Files
logseq/pages/ECMFA2026_17.md

3.2 KiB

type:: REVIEWS tags:: year:: 2026 venue:: full-title:: A Model-Driven Approach To Support The Understanding Of Machine Learning Pipelines date-start:: 04-02-2026 - 10:16 date-submitted:: external-links:: status:: DOING deadline-submission:: file:: /zotero parent:: todoist:: https://app.todoist.com/app/task/14-nicolas-lacroix-mireille-blay-fornarino-philippe-collet-frederic-precioso-and-6frhCMhFhcFm3hPc

- ### [[Comments]]
	- SUMMARY: This paper is about the critical challenge of keeping the consistency between a metamodel and its corresponding grammar during language evolution in model-driven engineering settings. The authors propose a method based on Large Language Models to automate grammar adaptation by learning from historical version changes, specifically by comparing an original generated grammar with its manually adapted counterpart to propagate those changes to a newly evolved version. The study evaluates three different models (i.e., Claude Sonnet 4.5, ChatGPT 5.1, and Gemini 3) against a rule-based baseline using six real-world domain-specific languages and a longitudinal case study of the QVTo language across four official versions.

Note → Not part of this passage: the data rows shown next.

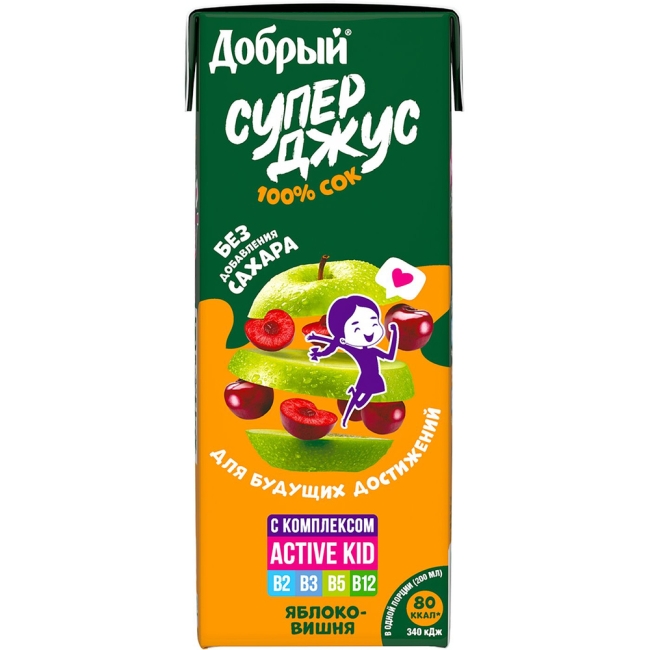 Добрый 100% сок Яблоко-Вишня с витаминным комплексом Active Kid (B2, B3, B5, B12), без добавления сахара, консервантов и красителей в удобной упаковке 200 мл с трубочкой для питания ребенка раннего возраста.
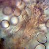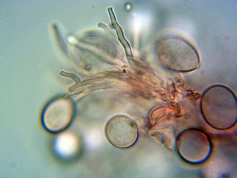 En su microscopía solo destacar unas hifas dispuestas paralelamente, ramificadas y terminando en unas hifas conidiógenas irregulares, con septos simples, con una anchura de entre 3,2 a 3,5 µm y con ensanchamientos que pueden llegar a las 6,2 µm.
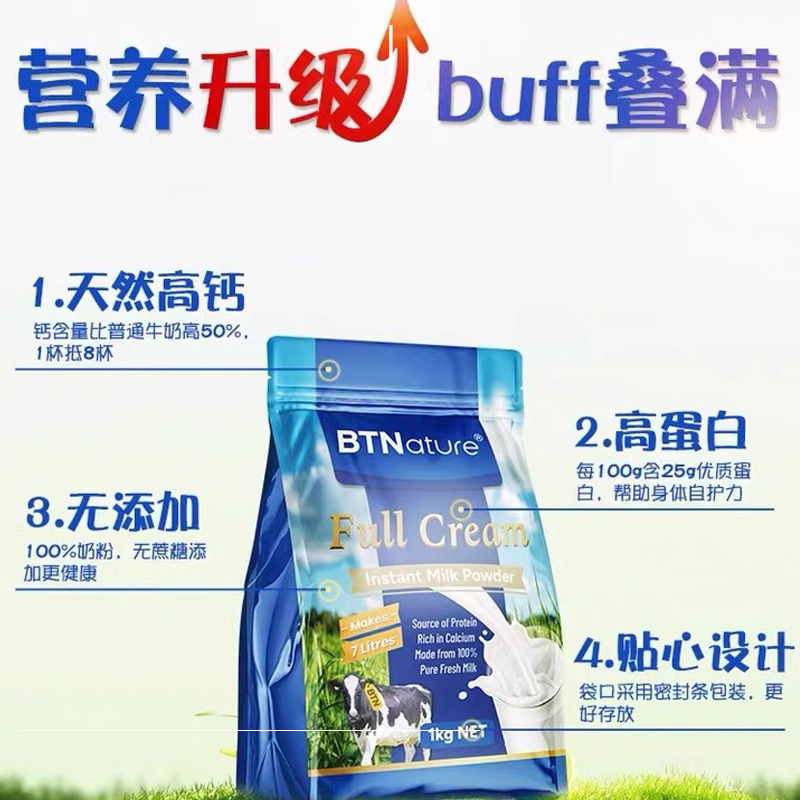 奶粉新西兰进口原贝特恩蓝一号胖子全脂脱脂成人正品 官方旗舰袋装
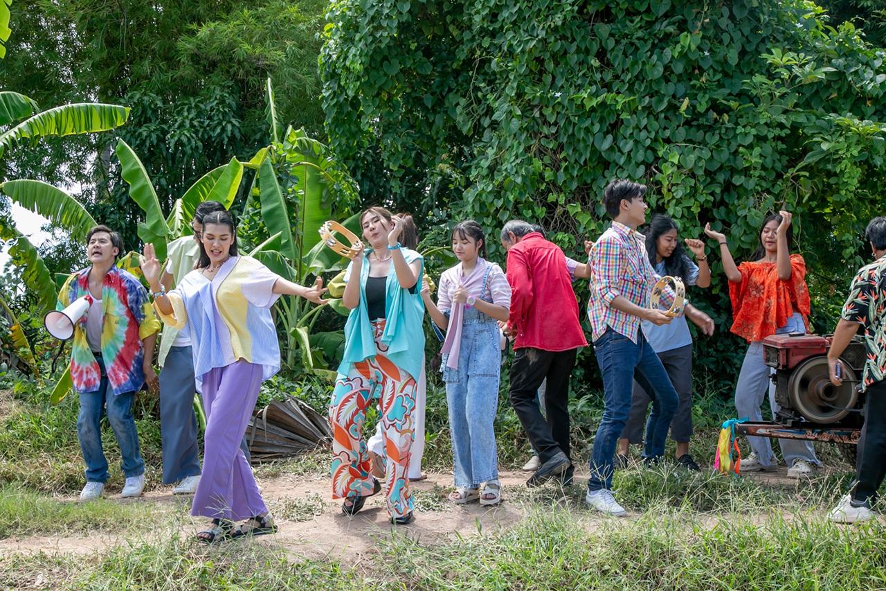 เรามีฉากเบื้องหลังมาฝากกัน โดยก่อนเริ่มถ่ายทำฉากนี้ บรรยากาศภายในกองถ่ายคึกคักกันตั้งแต่เช้า ทีมงานใช้ ทุ่งนา ละแวกสามโคก จ.ปทุมธานี เป็นสถานที่ถ่ายทำ นักแสดงทุกคนพร้อมทั้งเสื้อผ้าหน้าผม เมื่อทุกอย่างพร้อมสรรพ ผู้ช่วยผู้กำกับฯ ก็สั่งแอ็กชัน ขบวนรถแห่ ก็เริ่มขบวน พร้อมเสียงดนตรีที่สนุกสนานเร้าใจ บรรดานักแสดงหลัก และนักแสดงสมทบก็เต้นและร้องกันอย่างเมามัน ทีมงานบางคนนึกสนุกก็ร่วมเต้นไปกับเขาด้วย โดยมี หนุ่มมิว และสาวชาล็อต ยืนร้อง ยืนเต้นอยู่บนรถ ซึ่งทีมกล้องก็เก็บภาพกันมือเป็นระวิง!!
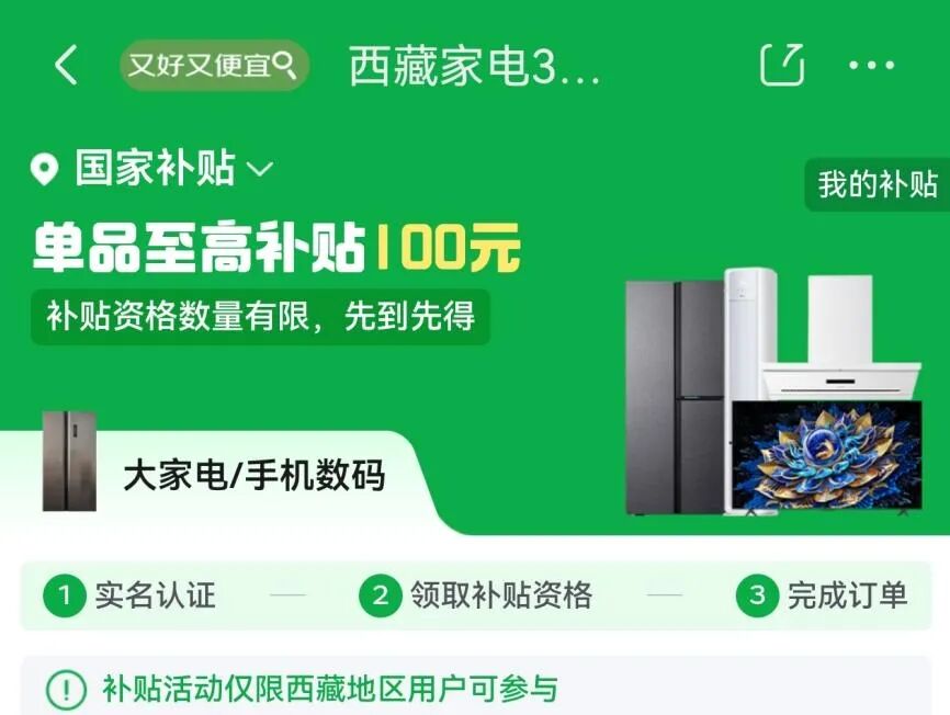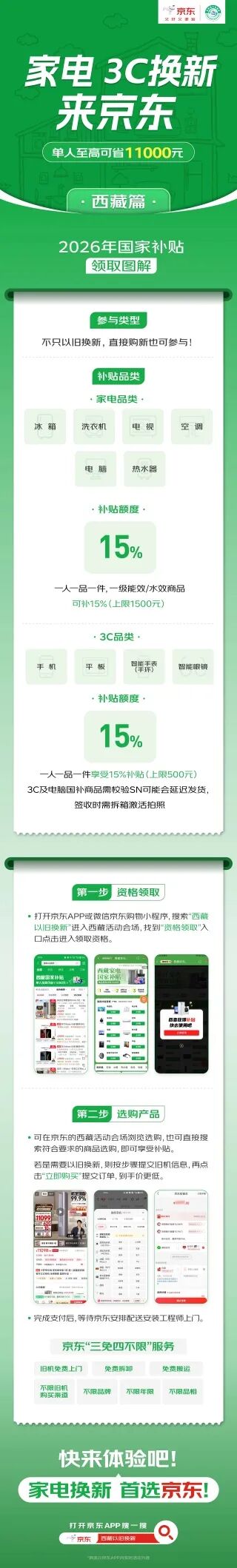 目前,京东西藏以旧换新国补活动已全面启动,西藏消费者可登录京东APP搜索“西藏以旧换新”,领取补贴资格。

Results show that for small-to-medium scale grammars, the LLM-based approach achieves perfect rule-level adaptation consistency and output similarity, outperforming rule-based methods in complex scenarios such as those involving syntactic predicates or order-insensitive attribute combinations. However, the research also identifies that LLMs struggle with large-scale grammars like EAST-ADL, exhibiting systematic omissions despite having a sufficient context window.
	- COMMENTS: The paper is about a critical problem, which has been investigated for years by the modeling and programming communities. I enjoyed reading the paper, which is well-written and structured. I liked the empirical demonstration of how LLMs compare to traditional rule-based tools. While rule-based approaches rely on predefined transformation rules that often fail when encountering nested optionality or complex backtracking structures, the LLM-based method successfully captures the underlying design intent by observing historical examples.  
	  
	  I have only a few suggestions for improvements:
	-
		- While the authors specify using the web interface of Claude Sonnet 4.5 for initial refinements, providing more detail on the automation (if any) of the subsequent cross-model evaluations would enhance the reproducibility of the experiments
	- Additionally, the paper would benefit from explicitly summarizing the identified boundaries into actionable guidelines, clearly delineating the specific grammar constructs where LLMs are highly recommended versus the scale thresholds where they begin to fail. Such a recap would bridge the gap between theoretical findings and practical software engineering applications.
	- The following sentence in the introduction: "Results show that on the 72 test set DSLs, all three LLMs achieved 100% Rule-level Adap- 73 tation Consistency (RAC) and 100% output similarity, while 74 the rule-based approach achieved 84.21% RAC ..." can be confusing because the metric name ("Rule-level...") sounds similar to the "rule-based" approach. Finding an alternative way to solve the confusion would help.